StrongBox: A GPU TEE on Arm Endpoints

Abstract

A wide range of Arm endpoints leverage integrated and discrete GPUs to accelerate computation such as image processing and numerical processing applications. However, in spite of these important use cases, Arm GPU security has yet to be scrutinized by the community. By exploiting vulnerabilities in the kernel, attackers can directly access sensitive data used during GPU computing, such as personally-identifiable image data in computer vision tasks. Existing work has used Trusted Execution Environments (TEEs) to address GPU security concerns on Intel-based platforms, while there are numerous architectural differences that lead to novel technical challenges in deploying TEEs for Arm GPUs.
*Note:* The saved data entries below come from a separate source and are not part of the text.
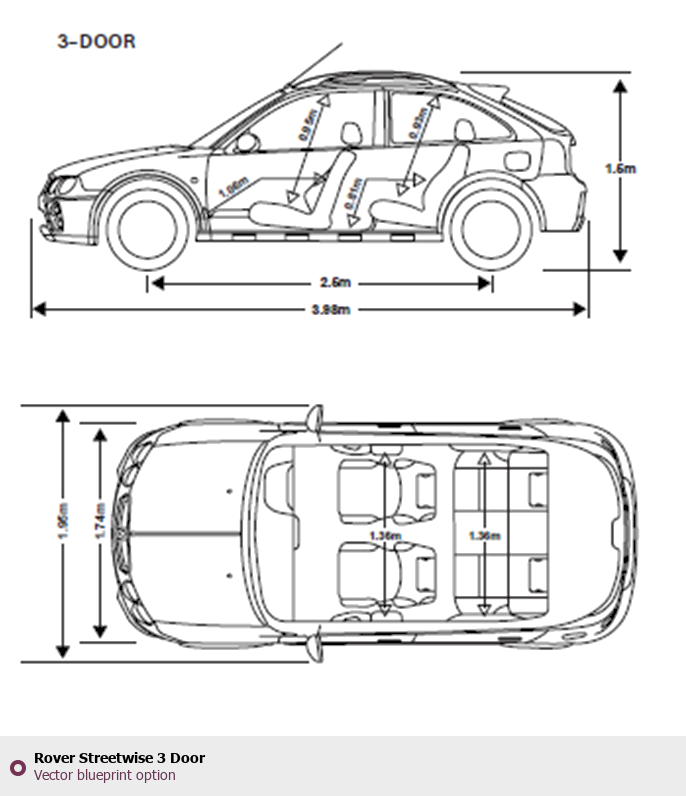 Raster blueprint of the Rover Streetwise 3 Door Hatchback. This free downloadable image can be used for graphic projects, digital design, and 3D modeling. The file provides accurate exterior proportions of the vehicle. Body type: Hatchback.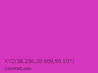 XYZ 38.236,20.609,50.107 Color is a normal magenta color and the nearest color is Steel Pink #cc33cc. Hex code #d636bd and RGB value is rgb(214,54,189). In RGB color space, this color is composed of 84% red, 21% green, 74% blue, In CMYK color space, this color is composed of 0% cyan, 75% magenta, 12% yellow , 16% black , In HSL color space, this color has a hue angle of 309° , 66% saturation and 53% lightness.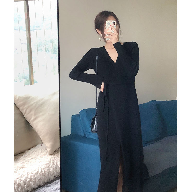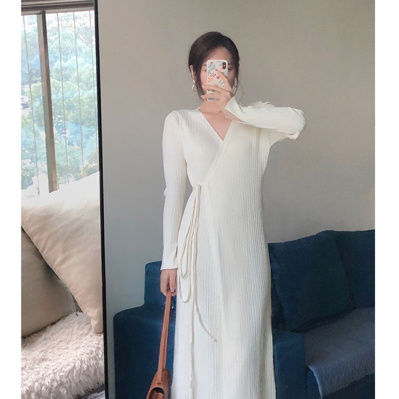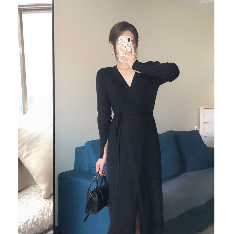 With a coat long version of sweater skirt over the knee French niche waist waist with a knitted dress women's autumn and winter dress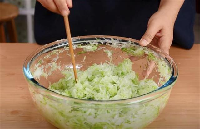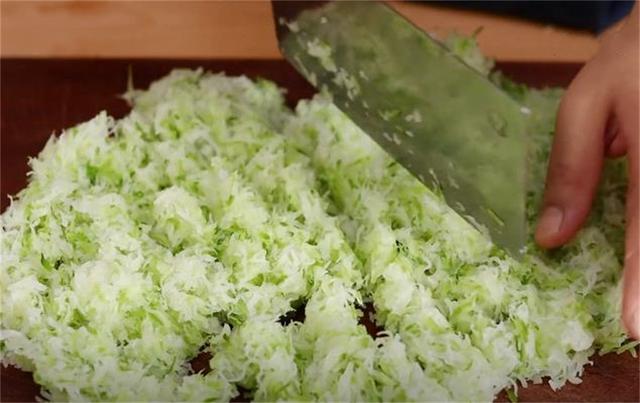 5.蘿卜絲擠干水分之后再用刀剁碎一些。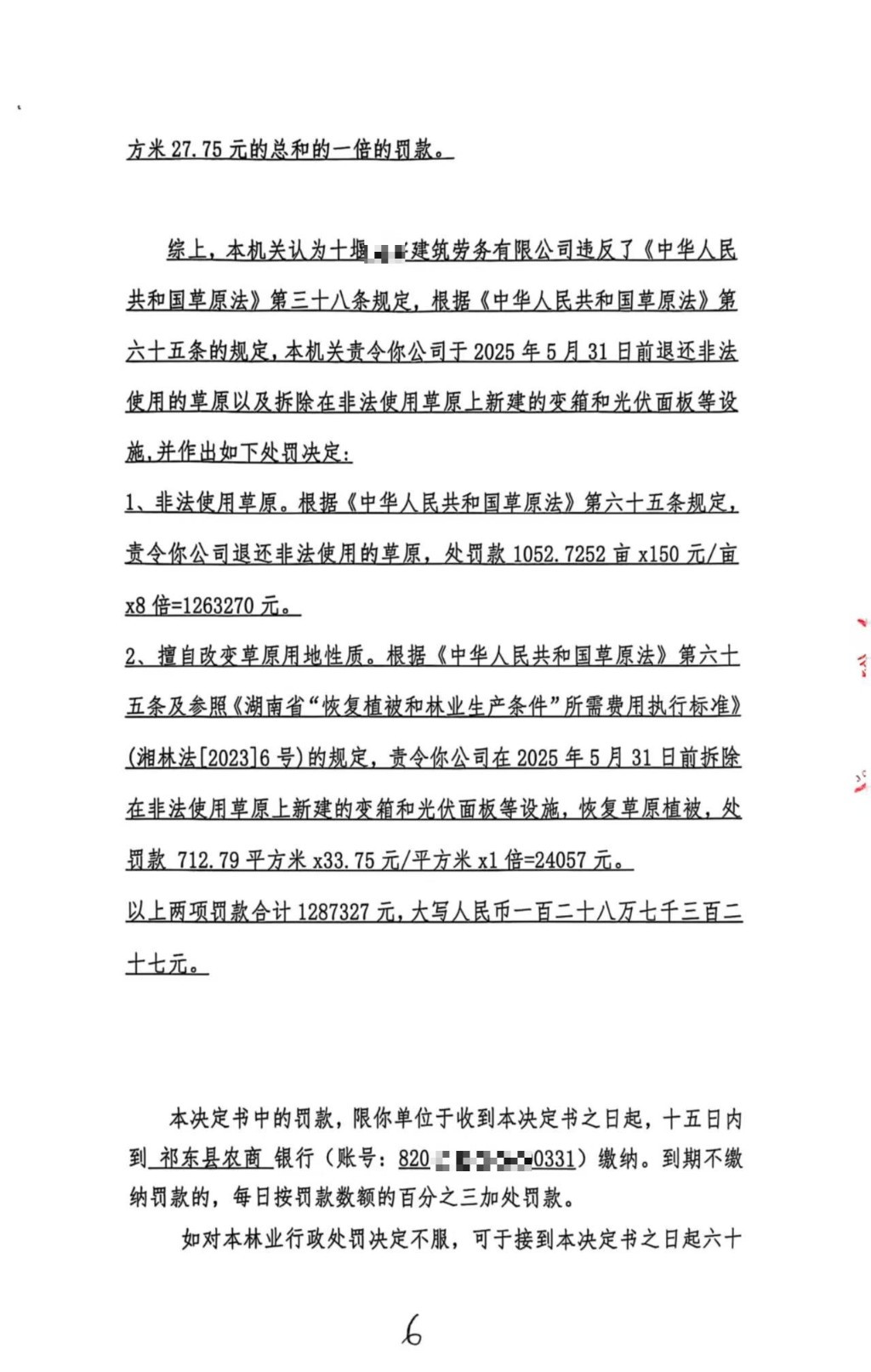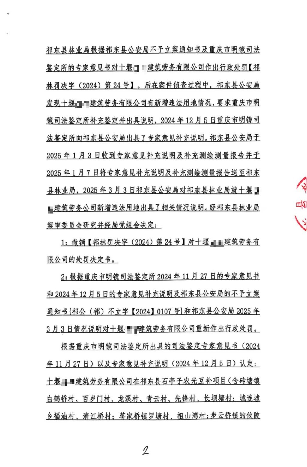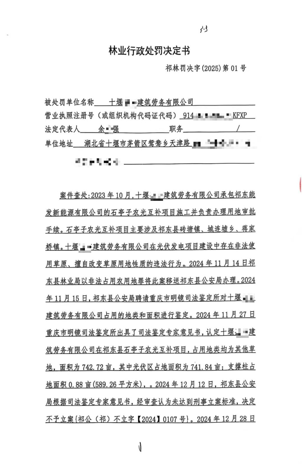 林业行政处罚决定书(祁林罚决字〔2025〕1号)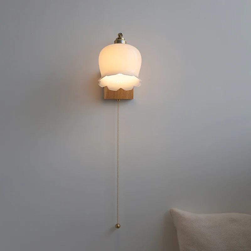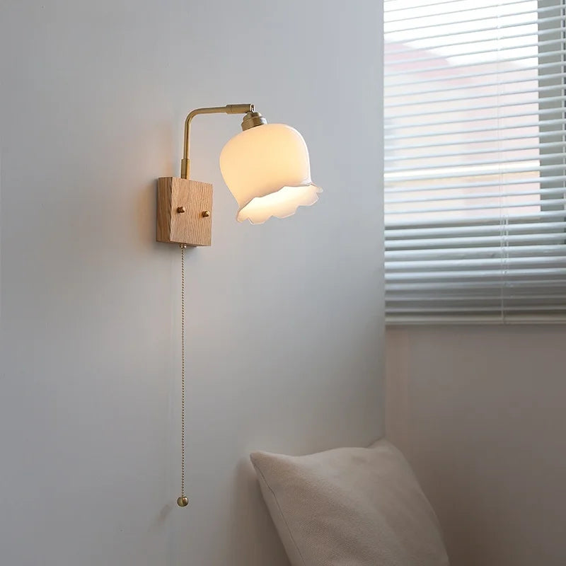 Helnys Nordic Decor LED Wall Sconce Gold Brass White Glass Pull Chain Bedroom Bedside Lamp

In addition, extant Arm-based GPU defenses are intended for secure machine learning, and lack generality. There is a need for generalizable and efficient Arm-based GPU security mechanisms. To address these problems, we present StrongBox, the first GPU TEE for secured general computation on Arm endpoints. During confidential computation on Arm GPUs, StrongBox provides an isolated execution environment by ensuring exclusive access to the GPU. Our approach is based in part on a dynamic, fine-grained memory protection policy as Arm-based GPUs typically share a unified memory with the CPU, a stark contrast with Intel-based platforms. Furthermore, by characterizing GPU buffers as secure and non-secure, StrongBox reduces redundant security introspection operations to control access to sensitive data used by the GPU, ultimately reducing runtime overhead. Our design leverages the widely-deployed Arm TrustZone and generic Arm features, without hardware modification or architectural changes. We prototype StrongBox using an off-the-shelf Arm Mali GPU and perform an extensive evaluation. Our results show that StrongBox successfully ensures the GPU computing security with a low (4.70% - 15.26%) overhead across several indicative benchmarks.